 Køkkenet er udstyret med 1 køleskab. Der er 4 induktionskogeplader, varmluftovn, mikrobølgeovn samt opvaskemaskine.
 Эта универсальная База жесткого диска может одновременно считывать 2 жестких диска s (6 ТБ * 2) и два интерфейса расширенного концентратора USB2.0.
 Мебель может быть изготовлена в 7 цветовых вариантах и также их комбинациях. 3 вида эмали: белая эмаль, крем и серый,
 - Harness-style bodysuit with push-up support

==

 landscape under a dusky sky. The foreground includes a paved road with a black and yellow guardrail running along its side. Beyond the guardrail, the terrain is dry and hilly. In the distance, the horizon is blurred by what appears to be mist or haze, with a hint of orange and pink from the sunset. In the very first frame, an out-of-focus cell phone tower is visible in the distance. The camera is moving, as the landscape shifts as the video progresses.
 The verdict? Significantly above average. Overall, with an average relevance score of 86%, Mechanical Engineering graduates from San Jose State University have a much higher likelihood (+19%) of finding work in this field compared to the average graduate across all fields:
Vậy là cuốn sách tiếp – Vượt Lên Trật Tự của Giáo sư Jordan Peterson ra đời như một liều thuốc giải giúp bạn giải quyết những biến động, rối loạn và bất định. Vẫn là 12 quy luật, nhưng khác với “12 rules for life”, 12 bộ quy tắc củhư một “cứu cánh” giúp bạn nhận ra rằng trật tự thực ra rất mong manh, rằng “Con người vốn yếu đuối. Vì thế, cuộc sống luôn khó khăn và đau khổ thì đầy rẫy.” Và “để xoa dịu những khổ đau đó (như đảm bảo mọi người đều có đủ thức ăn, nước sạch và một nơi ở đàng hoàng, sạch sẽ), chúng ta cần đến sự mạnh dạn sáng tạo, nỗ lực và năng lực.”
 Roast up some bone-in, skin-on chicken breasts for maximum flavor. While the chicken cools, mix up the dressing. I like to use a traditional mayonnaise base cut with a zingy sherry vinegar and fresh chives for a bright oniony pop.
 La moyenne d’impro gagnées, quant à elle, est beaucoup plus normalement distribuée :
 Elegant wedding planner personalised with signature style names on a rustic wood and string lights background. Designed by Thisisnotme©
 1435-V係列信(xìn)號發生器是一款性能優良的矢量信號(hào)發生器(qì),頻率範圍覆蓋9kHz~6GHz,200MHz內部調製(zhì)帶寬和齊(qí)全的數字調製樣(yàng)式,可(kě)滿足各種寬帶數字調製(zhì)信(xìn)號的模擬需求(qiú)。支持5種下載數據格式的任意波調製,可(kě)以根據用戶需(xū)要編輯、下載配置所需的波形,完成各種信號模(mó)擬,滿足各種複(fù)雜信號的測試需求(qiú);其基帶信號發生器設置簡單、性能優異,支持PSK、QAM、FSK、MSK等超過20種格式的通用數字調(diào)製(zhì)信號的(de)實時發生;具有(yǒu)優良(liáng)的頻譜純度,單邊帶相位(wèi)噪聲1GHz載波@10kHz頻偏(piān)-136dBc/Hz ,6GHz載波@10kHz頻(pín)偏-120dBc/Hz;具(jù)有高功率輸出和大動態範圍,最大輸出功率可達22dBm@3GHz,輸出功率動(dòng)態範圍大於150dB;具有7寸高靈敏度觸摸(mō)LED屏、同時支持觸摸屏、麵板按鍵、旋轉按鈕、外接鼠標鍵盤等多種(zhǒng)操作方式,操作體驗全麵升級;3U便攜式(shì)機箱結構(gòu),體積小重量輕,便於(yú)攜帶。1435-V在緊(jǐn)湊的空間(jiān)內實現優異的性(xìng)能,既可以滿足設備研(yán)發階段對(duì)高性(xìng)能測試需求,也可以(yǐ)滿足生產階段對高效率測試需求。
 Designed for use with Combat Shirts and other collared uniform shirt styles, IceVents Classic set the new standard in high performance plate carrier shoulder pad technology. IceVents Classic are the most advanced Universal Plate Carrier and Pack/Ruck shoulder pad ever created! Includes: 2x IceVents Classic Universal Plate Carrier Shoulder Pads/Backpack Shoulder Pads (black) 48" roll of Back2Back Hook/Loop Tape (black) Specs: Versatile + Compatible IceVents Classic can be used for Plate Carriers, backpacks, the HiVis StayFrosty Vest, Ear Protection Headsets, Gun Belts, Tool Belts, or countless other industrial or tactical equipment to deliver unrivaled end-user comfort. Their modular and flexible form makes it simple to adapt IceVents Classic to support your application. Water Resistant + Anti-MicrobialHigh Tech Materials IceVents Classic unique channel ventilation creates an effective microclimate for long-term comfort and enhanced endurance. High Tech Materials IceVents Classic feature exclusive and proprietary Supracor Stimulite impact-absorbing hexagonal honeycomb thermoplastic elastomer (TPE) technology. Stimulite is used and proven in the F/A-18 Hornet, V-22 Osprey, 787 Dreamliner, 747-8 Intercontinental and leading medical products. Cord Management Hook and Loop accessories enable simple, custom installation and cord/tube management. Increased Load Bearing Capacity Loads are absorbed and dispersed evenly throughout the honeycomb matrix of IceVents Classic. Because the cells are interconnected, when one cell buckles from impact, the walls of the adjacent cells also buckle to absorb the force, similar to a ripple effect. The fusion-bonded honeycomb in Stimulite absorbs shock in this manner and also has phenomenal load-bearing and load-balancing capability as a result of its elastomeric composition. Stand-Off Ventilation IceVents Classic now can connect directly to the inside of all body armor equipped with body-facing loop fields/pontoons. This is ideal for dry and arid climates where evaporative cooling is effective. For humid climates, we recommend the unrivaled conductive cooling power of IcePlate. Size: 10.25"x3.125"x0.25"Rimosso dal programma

- [PROBLEM REQUIREMENTS]:
In the listing above, find the line containing "Elegant wedding planner" and the line containing "1435-V係列信(xìn)". Output them and every line between, exactly, and nothing else.

- [EXERCISE ANSWER]:
 Elegant wedding planner personalised with signature style names on a rustic wood and string lights background. Designed by Thisisnotme©
 1435-V係列信(xìn)號發生器是一款性能優良的矢量信號(hào)發生器(qì),頻率範圍覆蓋9kHz~6GHz,200MHz內部調製(zhì)帶寬和齊(qí)全的數字調製樣(yàng)式,可(kě)滿足各種寬帶數字調製(zhì)信(xìn)號的模擬需求(qiú)。支持5種下載數據格式的任意波調製,可(kě)以根據用戶需(xū)要編輯、下載配置所需的波形,完成各種信號模(mó)擬,滿足各種複(fù)雜信號的測試需求(qiú);其基帶信號發生器設置簡單、性能優異,支持PSK、QAM、FSK、MSK等超過20種格式的通用數字調(diào)製(zhì)信號的(de)實時發生;具有(yǒu)優良(liáng)的頻譜純度,單邊帶相位(wèi)噪聲1GHz載波@10kHz頻偏(piān)-136dBc/Hz ,6GHz載波@10kHz頻(pín)偏-120dBc/Hz;具(jù)有高功率輸出和大動態範圍,最大輸出功率可達22dBm@3GHz,輸出功率動(dòng)態範圍大於150dB;具有7寸高靈敏度觸摸(mō)LED屏、同時支持觸摸屏、麵板按鍵、旋轉按鈕、外接鼠標鍵盤等多種(zhǒng)操作方式,操作體驗全麵升級;3U便攜式(shì)機箱結構(gòu),體積小重量輕,便於(yú)攜帶。1435-V在緊(jǐn)湊的空間(jiān)內實現優異的性(xìng)能,既可以滿足設備研(yán)發階段對(duì)高性(xìng)能測試需求,也可以(yǐ)滿足生產階段對高效率測試需求。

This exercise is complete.